Run the runMigrator command

The runMigrator executable file is available in the extracted NoSQL Database Migrator files. You must install Java 11 or higher version and bash on your system to successfully run the runMigrator command.

You can run the runMigrator command in two ways:
  1. By creating the configuration file using the runtime options of the runMigrator command as shown below.
    [~]$ ./runMigrator
    configuration file is not provided. Do you want to generate configuration? (y/n)                                                                              
     
    [n]: y
    ...
    ...
    • When you invoke the runMigrator utility, it provides a series of run time options and creates the configuration file based on your choices for each option.
    • After the utility creates the configuration file, you have a choice to either proceed with the migration activity in the same run or save the configuration file for a future migration.
    • Irrespective of your decision to proceed or defer the migration activity with the generated configuration file, the file will be available for edits or customization to meet your future requirements. You can use the customized configuration file for migration later.
  2. By passing a manually created configuration file (in the JSON format) as a runtime parameter using the -c or --config option. You must create the configuration file manually before running the runMigrator command with the -c or --config option. For any help with the source and sink configuration parameters, see Sources and Sinks.
    [~]$ ./runMigrator -c </path/to/the/configuration/json/file>

Logging Migrator Progress

NoSQL Database Migrator tool provides options, which enables trace, debugging, and progress messages to be printed to standard output or to a file. This option can be useful in tracking the progress of migration operation, particularly for very large tables or data sets.

  • Log Levels

    To control the logging behavior through the NoSQL Database Migrator tool, pass the --log-level or -l run time parameter to the runMigrator command. You can specify the amount of log information to write by passing the appropriate log level value.
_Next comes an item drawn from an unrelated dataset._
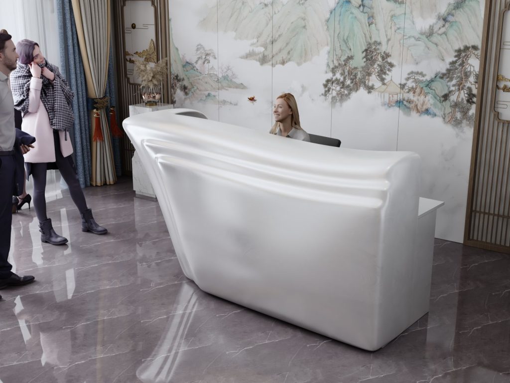 - Praktyczność: Ergonomiczna konstrukcja ułatwia pracę recepcjonisty, umożliwiając wygodną obsługę klientów, przechowywanie dokumentów i obsługę sprzętu biurowego.

    $./runMigrator --log-level <loglevel>
    Example:
    $./runMigrator --log-level debug

    Table 1-1 Supported Log Levels for NoSQL Database Migrator

    Log Level Description
    warning Prints errors and warnings.
    info (default) Prints the progress status of data migration such as validating source, validating sink, creating tables, and count of number of data records migrated.
    debug Prints additional debug information.
    all Prints everything. This level turns on all levels of logging.
  • Log File:
    You can specify the name of the log file using --log-file or -f parameter. If --log-file is passed as run time parameter to the runMigrator command, the NoSQL Database Migrator writes all the log messages to the file else to the standard output.
    $./runMigrator --log-file <log file name>
    Example:
    $./runMigrator --log-file nosql_migrator.log

Limitation

Oracle NoSQL Database Migrator does not lock the database during backup and block other users. Therefore, it is highly recommended not to perform the following activities when a migration task is running:

  • Any DML/DDL operations on the source table.
  • Any topology-related modification on the data store.